Bjarte Engen Vik muss nicht lange überlegen, was der Grund für die Medaillenfülle seiner norwegischen Landsleute in Pyeongchang ist. "Olympiatoppen ist der Schlüssel", sagt der Doppelolympiasieger von 1998 in der Nordischen Kombination unserer Redaktion. Doch was ist das, Olympiatoppen? Dahinter verbirgt sich die zentrale Einrichtung für den Spitzensport, in der Trainer, Wissenschaftler, Sponsoren und Athleten zusammengeführt werden. Sie wurde 1988 in Oslo gegründet, im Jahr, als Norwegen bei den Spielen in Calgary erstmals ohne Goldmedaille blieb und den Zuschlag für die Spiele 1994 in Lillehammer bekam. "Hier versammeln wir alle Sportarten und alles Wissen", sagt Lasse Kjus, Olympiasieger 1994 in der alpinen Kombination.

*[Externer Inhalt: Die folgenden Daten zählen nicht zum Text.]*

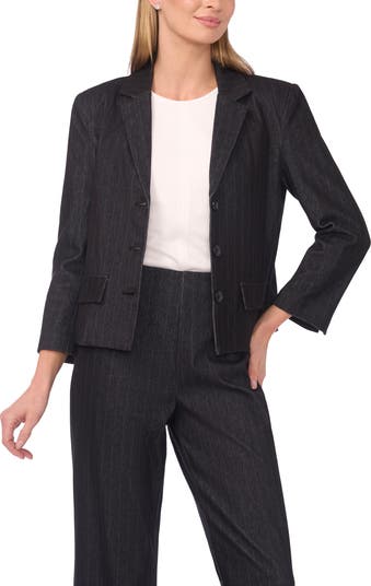 Padded shoulders give a strong silhouette to this stretch-kissed blazer covered in polished pin-thin stripes.

Die Zauberworte in Bezug auf Olympiatoppen lauten Zentralisierung und Austausch. "Alle Sportarten teilen hier ihre Erkenntnisse, jeder soll von jedem lernen", sagt Vik. Der Leitspruch lautet: Wir sind das Beste aus dem Besten der Verbände. Man vergibt Stipendien an Talente, bietet medizinische Unterstützung für alle Teams und Top-Trainingsbedingungen. Olympiatoppen unterteilt sich in vier Bereiche: Training, Gesundheit, Ausdauer und Ernährung. Hier verteilt man die über Sponsoren und staatliche Töpfe generierten Fördergelder an die Verbände und entscheidet, welche Athleten letztlich an den Spielen teilnehmen.
Mehr als die Hälfte aller Athleten der Elite-Einrichtung lebt von Stipendien, also vom Sport. Der 24-Stunden-Athlet ist Kernelement des norwegischen Konzeptes. Thor Ole Rimejorde, einer der Väter des Olympiatoppen-Projekts, sagte mal: "Als Spitzensportler musst du begreifen, dass du 24 Stunden am Tag Athlet bist, und deswegen brauchst du eine Balance zwischen Belastung und Ruhe, Sport, Ausbildung und sozialem Leben." Das Konzept geht auf: Norwegen war auch schon vor 1988 eine Top-Nation bei Winterspielen und konnte sechsmal - 1924, 1928, 1936, 1948, 1952 (in Oslo) und 1968 - den Medaillenspiegel für sich entscheiden, doch bei den Spielen bis 1988 holte man im Schnitt nur 9,8 Medaillen. Seitdem sind es im Schnitt 23, und die Spiele 2018 sind mit bis gestern 35 schon jetzt die erfolgreichsten in der Geschichte des 5,2-Millionen-Einwohner-Landes, das mit einem Bruttoinlandsprodukt von umgerechnet rund 60.000 Euro pro Kopf das drittreichste Land der Welt nach Luxemburg und der Schweiz ist.
Im ewigen Medaillenspiegel der Winterspiele liegt Norwegen, das neben Österreich und Liechtenstein eines von nur drei Ländern ist, die bei Winterspielen mehr Medaillen gewonnen haben als bei Sommerspielen, auf Rang drei. Hinter Deutschland und Russland. Die drei erfolgreichsten Winter-Olympioniken sind Norweger: Biathlet Ole Einar Bjørndalen, Langläufer Bjørn Dæhlie und Langläuferin Marit Bjørgen.
Also alles eine makellos strahlende Erfolgsgeschichte? Nicht uneingeschränkt, denn der Argwohn begleitet die Medaillenflut auch in diesen Tagen. Nicht zuletzt wegen der 6000 Dosen Asthmamittel, die das 121 Athleten umfassende Team laut norwegischem TV-Sender NRK mit nach Südkorea gebracht hat. Darunter wohl das Mittel Salbutamol, das bei höherer Verabreichung als Dopingmittel gilt und für die positive Dopingprobe von Tour-de-France-Sieger Chris Froome verantwortlich zeichnet. Asthmamittel weiten die Bronchien, weswegen die Zahl der Asthmatiker unter den Spitzensportlern zuletzt auffällig zunahm.
Die siebenmalige Langlauf-Weltmeisterin Therese Johaug ist für Olympia gesperrt wegen der Einnahme einer verbotenen Substanz mittels eine Lippencreme. Sie habe sich nur gegen Sonnenbrand schützen wollen, sagt sie.